Brandee Younger: Blue Note 2019Brandee Younger has a new Big Blue – and a new album! Produced by Dezron Douglas, Soul Awakening has been six years in the making and has a really great lineup. Tenor saxophonists Ravi Coltrane and Antoine Roney are at the forefront with Brandee, two artists she describes as “true mentors.”  Brandee also pays tribute to two other idols, performing Dorothy Ashby’s “Games” and Alice Coltrane’s “Blue Nile” on the album.

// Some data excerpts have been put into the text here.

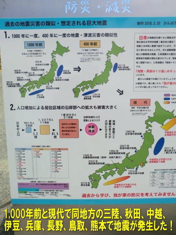 1,000年前は平安時代ですが、「三陸、秋田、中越、伊豆、兵庫、長野、鳥取、熊本」で地震が発生。現代も昭和から平成にかけて、「三陸、秋田、中越、伊豆、兵庫、長野、鳥取、熊本」全て「同地区」で地震が発生しています。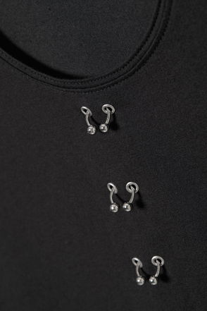 An off shoulder cut out long sleeve top made from soft and stretchy jersey. This bodycon layer has an almond shape cut out detail on the upper chest and falls at the hips.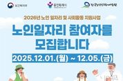 【뉴스라이트 = 박현서 기자】 용인특례시는 12월 1일부터 5일까지 ‘2026년 노인 일자리 및 사회활동 지원사업’ 참여자를 모집한다. 시는 어르신 일자리사업에 269억원을 투입해 5884명의 일자리를 마련했다. 내년 노인일자리 사업은 4개 유형 101개 사업으로 ▲노인공익활동사업 3413명(월 30시간 활동·29만원 지급) ▲노인역량활용사업 1626명(월 60시간 활동·63만 4000원 지급) ▲공동체사업 615명(근무시간과 급여는 근로계약에 따름) ▲취업지원(취업알선형)230명(근무시간과 급여는 근로계약에 따름)을 모집한다. 노인공익활동사업의 대상은 65세 이상 어르신 중 기초연금수급자나 직역연금수급자다. 노인역량활용사업은 65세 이상(일부 사업은 60세 이상)의 어르신이며, 공동체사업단 및 취업지원(취업알선형)은 60세 이상의 어르신이 참여할 수 있다. 다만 국민기초생활보장법에 따른 ▲생계급여 수급자 ▲건강보험 직장가입자 ▲장기요양보험 등급 판정자 ▲다른 기관의 일자리사업 참여자는 신청 대상에서 제외된다. 사업에 참여를 희망하는 어르신은 신분증과 3개월 이내에 발급한 주민등록등본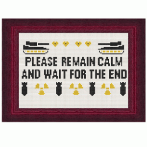 Retro-datakonst (ASCII) i kombination med moderna ordspråk. ASCII står för American Standard Code for Information Interchange och är en standard för att digitalt koda bokstäver och tecken. ASCII har också fått ge namn åt bilder och animationer som använder sig av tecken för att forma bilder så kallad ASCII-Art. Till exempel är ”smileys” en typ av ASCII-Art. Det är retrodatakonst i sin mest ursprungliga form. Vi tyckte det var roligt att upptäcka hur lika ACSCII-bilder och korsstygnsbroderier är. Nytt möter gammalt, den digitala tidsåldern möter handarbetets lugn, ro och meditativa inslag. Det är retro möter retro.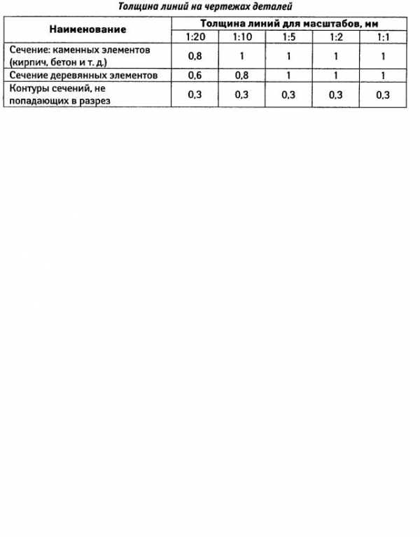 Примерная толщина линий обводки основных строительных чертежей приведена в табл. 3.2, 3.3 и 3.4.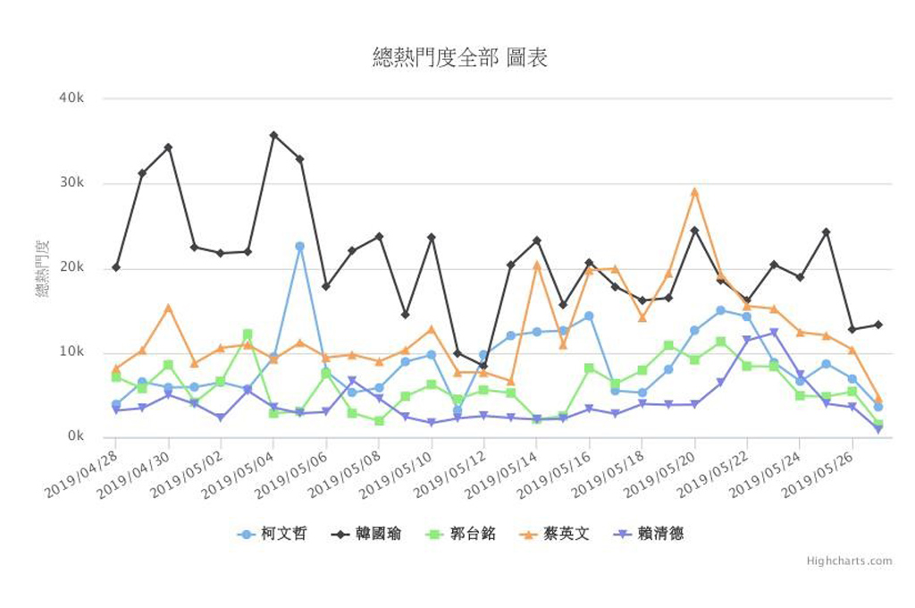 聲量王的韓國瑜在黃婕的質詢時聲量達到最高峰,後續記者詢問柯文哲對「韓國瑜備詢」的事件看法,甚至不少網友拿「柯韓」的施政比較,讓柯文哲也因黃婕事件而稍有反彈,其聲量下降之後,還看不出有回檔的趨勢。可看出韓國瑜雖然平均處於高點,但自五月中之後相對聲量的比較優勢已經開始和蔡英文互有交錯,意即其話題性與影響力在某些時刻高於韓國瑜。

“I was obsessed with Alice Coltrane coming up”, Brandee remembers. “I had been ever since I started getting interested in jazz harp, with her and with Dorothy Ashby. Right now, it’s empowering to be a woman in jazz, but only just right now if I’m honest with you. It wasn’t like that before. With Coltrane & Ashby, I saw two women who looked like me: they were women, they were black and they were both playing different styles of music on the harp. At the time I was in negotiations with my teacher, like “If I complete this assignment in the method book, will you let me play this song off the radio…”. In fact my teacher was very receptive to all this, but in less welcoming circumstances Ashby and Coltrane were doing the same thing in their day. Alice, of course, was often overshadowed by John. And Ashby recorded on so many records, wrote so much music and released 11 albums as a leader…and many other unreleased albums that were overlooked by labels. Fortunately she saved everything she ever did, and much of this is now grouped together in a single collector archive in California. While all we have from the annals of music history is her music and her archive gives us a picture of her life. She hosted a radio show and had a theatre company whose plays addressed taboo subjects that in 2019, our political administration still can’t deal with. Both Dorothy and Alice were trail-blazers. Alice didn’t have a producers on her albums, she had full creative control and that was unheard-of at that time.”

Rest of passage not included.